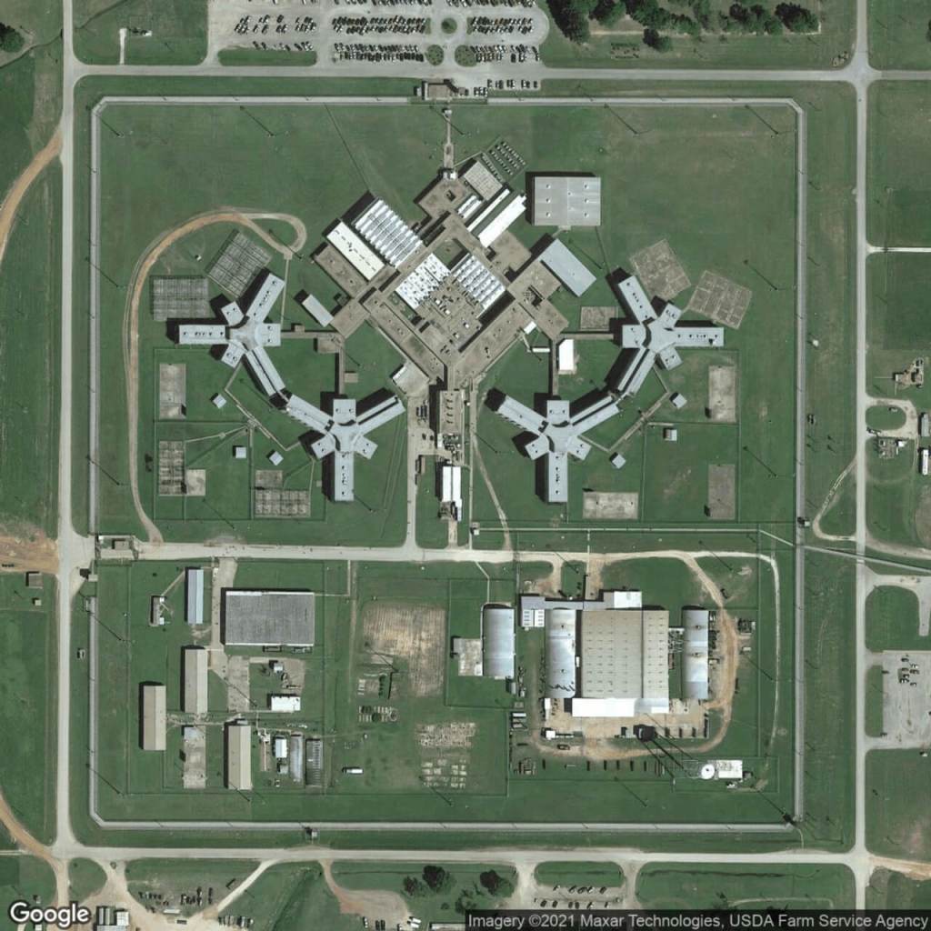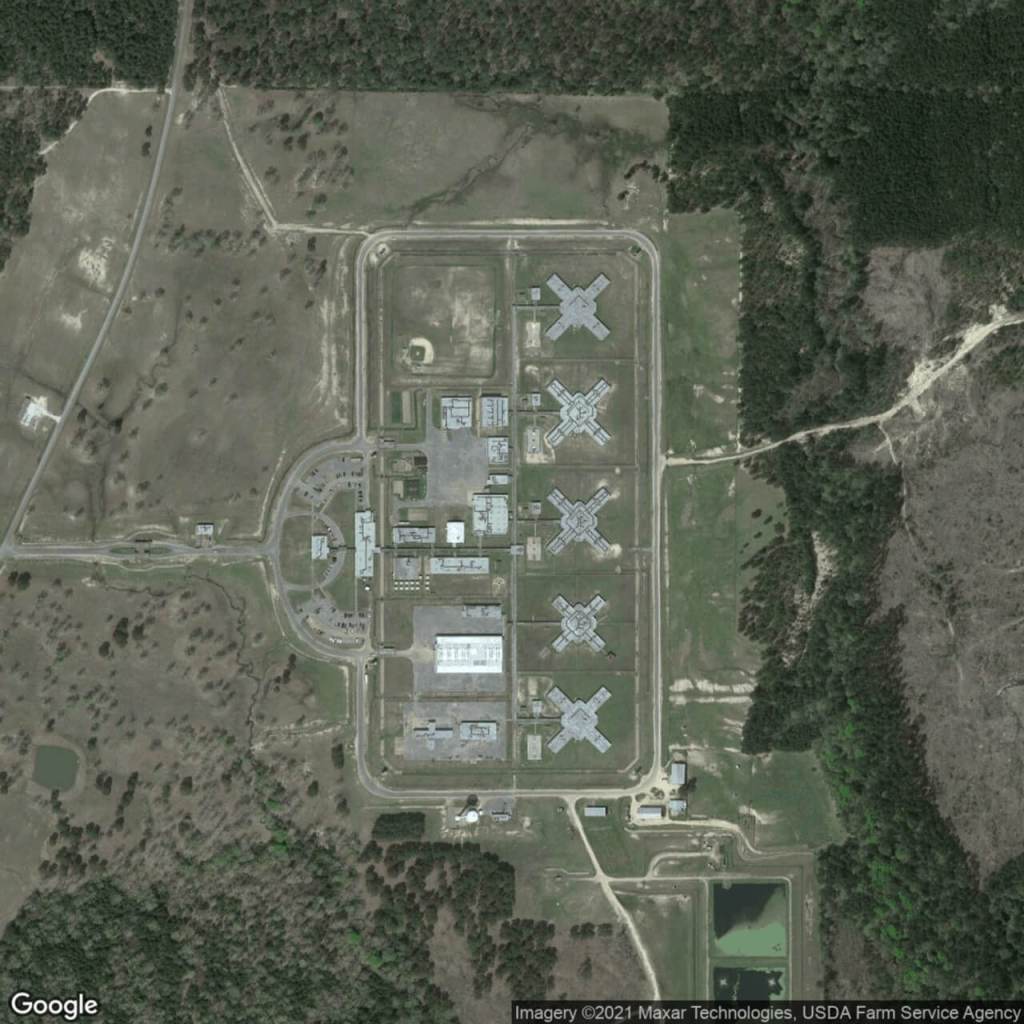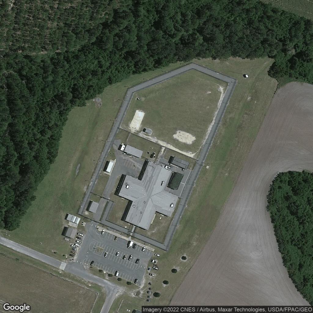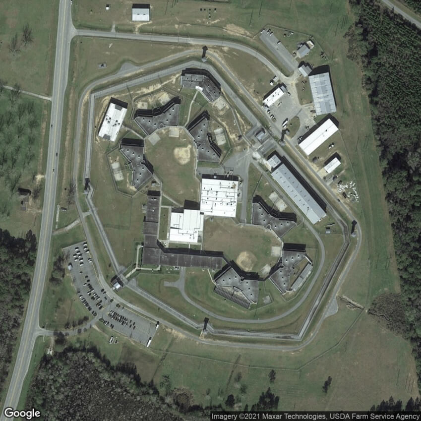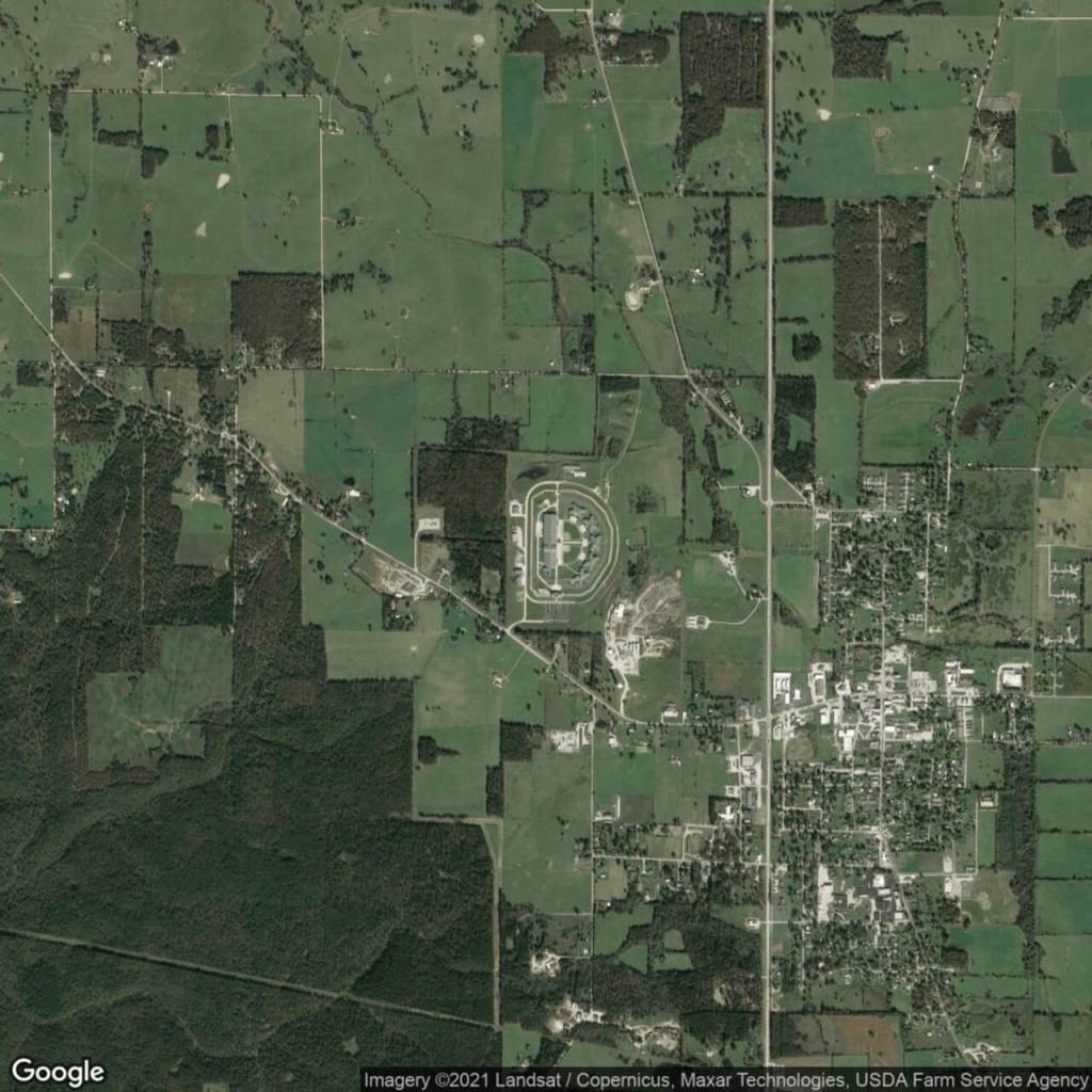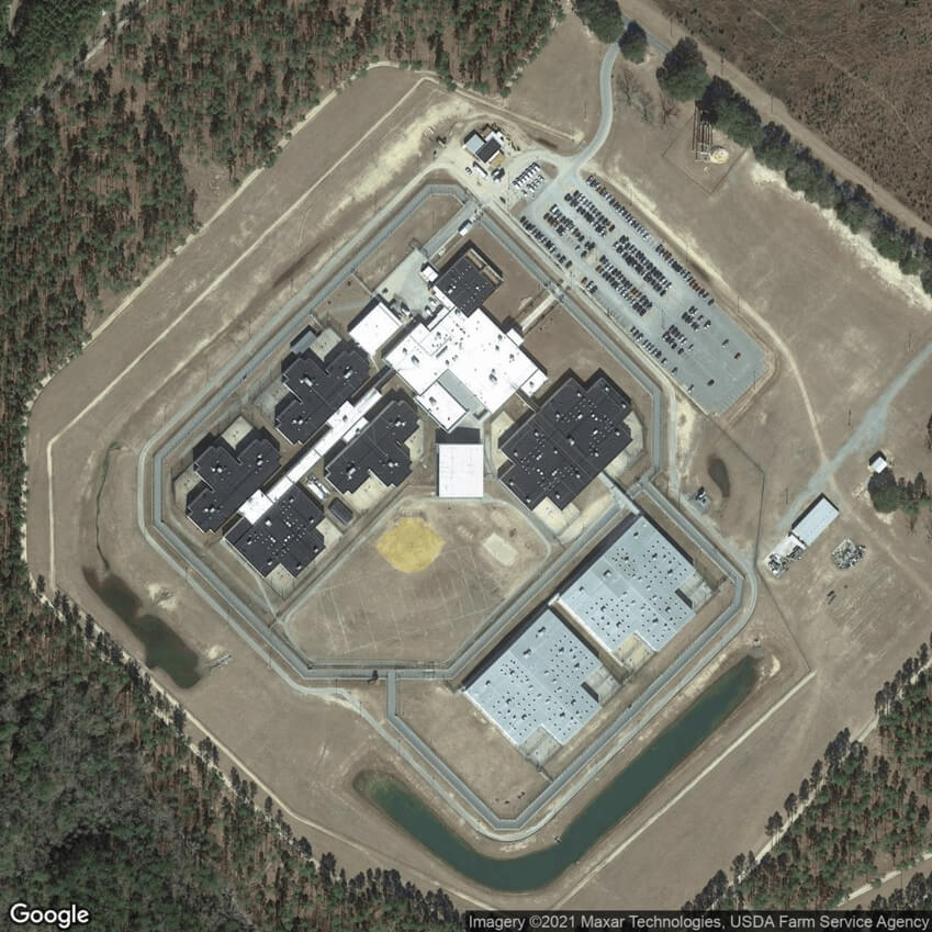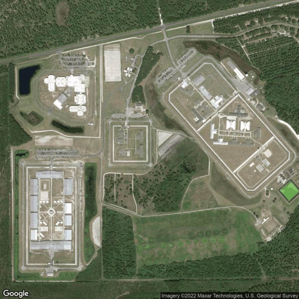 There are at least 662 prisons with prisoners who participate in some form of agriculture. This is sometimes visible from the air, revealing the carcerality of agricultural landscapes, while other times it is invisible, suggesting the carceral power to hide agricultural practices inside carceral architecture. While one could focus strictly on prisons, this would be to ignore the permeability of carceral space and the relationship of prisons to the broader social and ecological communities within which they reside. There are two images for each prison. The first is zoomed out to visually let the eyes stretch beyond prison walls, while the second is zoomed in to focus the viewer on the bricolage of agriculture and prison architecture.
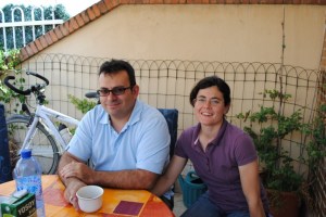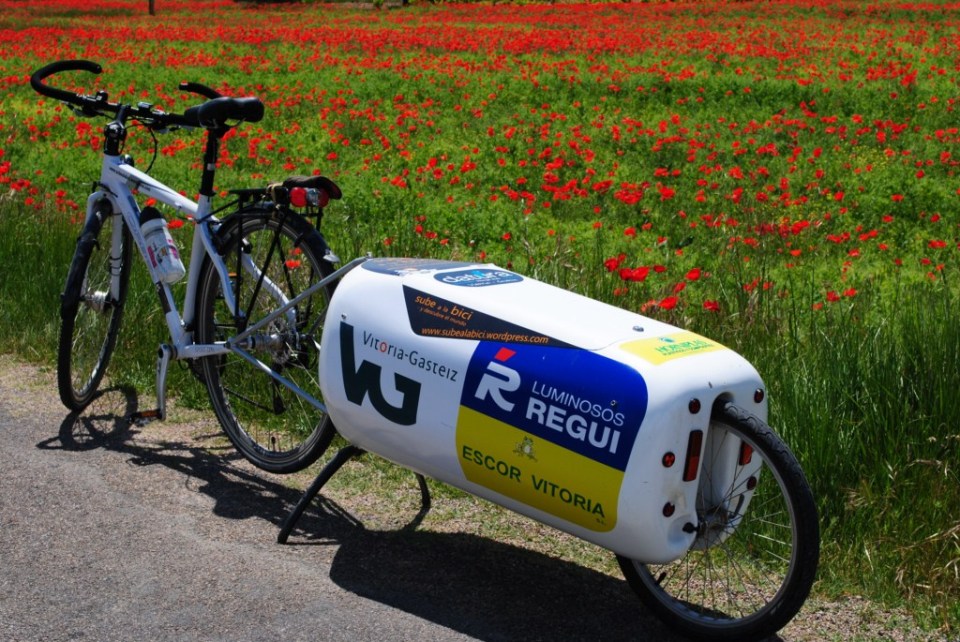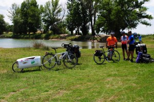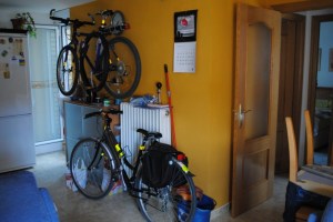 La entrada a Huesca guiados por Samuel evita todo el trafico. Huesca es una ciudad pequeña, 50000 habitantes y se puede decir que casi casi la cruzamos para llegar a casa de Samuel. Él es la «cabeza» visible de Huesca con Bici y nos aloja en su casa sin reparos. La foto recoge el lugar donde deja él y su novia Maite las bicicletas. Y es también un ejemplo de que la bici puede ser un objeto util más que un estorbo.
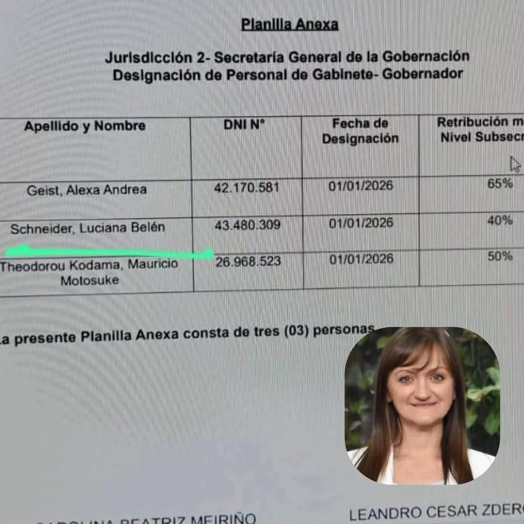 Según las informaciones que circulan, Luciana Belén Schneider, prima de la senadora —hija del primo hermano Germán Schneider y parte del círculo de confianza de Silvana desde su etapa como vicegobernadora— fue incorporada en un cargo estratégico en la Secretaría General de la Gobernación cuando la senadora asumió su banca en el Senado. La caracterización que hacen críticos y opositores es contundente: se trató de una reubicación que garantizó continuidad laboral y un sueldo estable en el Estado, aun cuando muchos chaqueños perdían su trabajo.
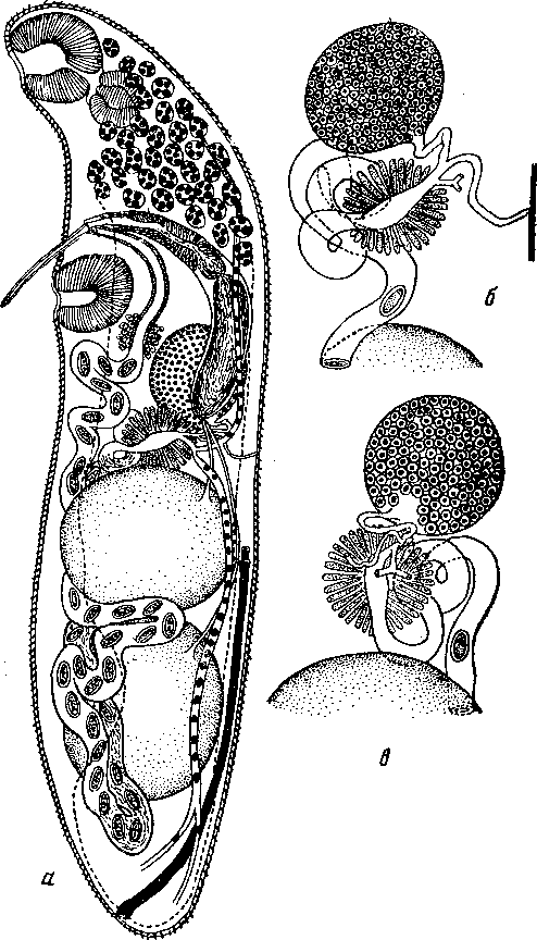 a — марита; б — женская половая система латерально; в — женская половая система дорзально
• • • • •
■ **What is needed**
Copy the listing in full and without alteration, omitting every picture.

■ **Response to this task**
 There are at least 662 prisons with prisoners who participate in some form of agriculture. This is sometimes visible from the air, revealing the carcerality of agricultural landscapes, while other times it is invisible, suggesting the carceral power to hide agricultural practices inside carceral architecture. While one could focus strictly on prisons, this would be to ignore the permeability of carceral space and the relationship of prisons to the broader social and ecological communities within which they reside. There are two images for each prison. The first is zoomed out to visually let the eyes stretch beyond prison walls, while the second is zoomed in to focus the viewer on the bricolage of agriculture and prison architecture.
 La entrada a Huesca guiados por Samuel evita todo el trafico. Huesca es una ciudad pequeña, 50000 habitantes y se puede decir que casi casi la cruzamos para llegar a casa de Samuel. Él es la «cabeza» visible de Huesca con Bici y nos aloja en su casa sin reparos. La foto recoge el lugar donde deja él y su novia Maite las bicicletas. Y es también un ejemplo de que la bici puede ser un objeto util más que un estorbo.
 Según las informaciones que circulan, Luciana Belén Schneider, prima de la senadora —hija del primo hermano Germán Schneider y parte del círculo de confianza de Silvana desde su etapa como vicegobernadora— fue incorporada en un cargo estratégico en la Secretaría General de la Gobernación cuando la senadora asumió su banca en el Senado. La caracterización que hacen críticos y opositores es contundente: se trató de una reubicación que garantizó continuidad laboral y un sueldo estable en el Estado, aun cuando muchos chaqueños perdían su trabajo.
 a — марита; б — женская половая система латерально; в — женская половая система дорзально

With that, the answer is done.